# 2 Free tools for learning songs, chords & scales



## Kenmac (Jan 24, 2007)

Just a heads-up on a couple of free tools I found recently. First up is a Windows program called "BestPractice" Here's what it says on the website:

"BestPractice is a musician's practice tool, to slow down or speed up music, either from an MP3 file or directly from a CD. Ordinarily the sound is distorted when slowed down or sped up - you get the effect like when playing a 33 rpm record on 45 rpm speed (remember the Chipmunks?). BestPractice tries to correct this, so you can slow down and speed up music, while keeping the original pitch.
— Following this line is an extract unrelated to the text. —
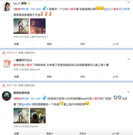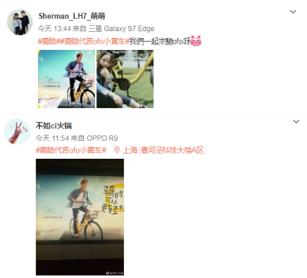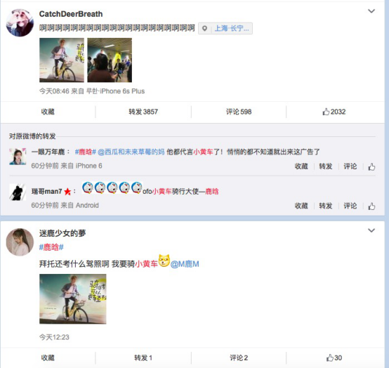不少鹿晗粉丝以及网友看到“ofo签约鹿晗”的广告之后也表示,“五一小长假,出行只骑小黄车。”

It is also possible to change the pitch of the music without affecting its tempo. Play along with for instance Eb tuned guitars without retuning your own, or slow down that high-speed guitar solo on a CD that you like to learn."

I know there are paid programs you can use for this but the fact that this is free and does, or probably does, most of what the paid ones cost is pretty impressive. I've been using it for about a week and I don't hear any artifacts either slowing down or speeding up the music. You can also change the pitch without affecting the speed. There's even a "Karaoke" mode which eliminates all or most of the lead vocals so you can hear the backing more clearly. Needless to say you can have a lot of fun with this. Imagine turning Celine Dion into a baritone and speeding up her song "My Heart Will Go On" to 3 or 4 times the speed? 
The website's here: BestPractice, an open-source audio time-stretching tool for Windows


This second one can be used on any OS as it's a website.

Fretboard Note Finder

Displays the notes of a Chord or Scale in every position on the fretboard.

This started off as an Android app but the developer has turned it into a web page. You pick the root note, and the chord/scale type, and the notes are shown on the fret board. There's an extra option to change the open notes of the guitar. Click the button, and change the tuning to anything you want.

Here's the website: Find Notes On Fretboard - by Lespauled

Hope these help out.


----------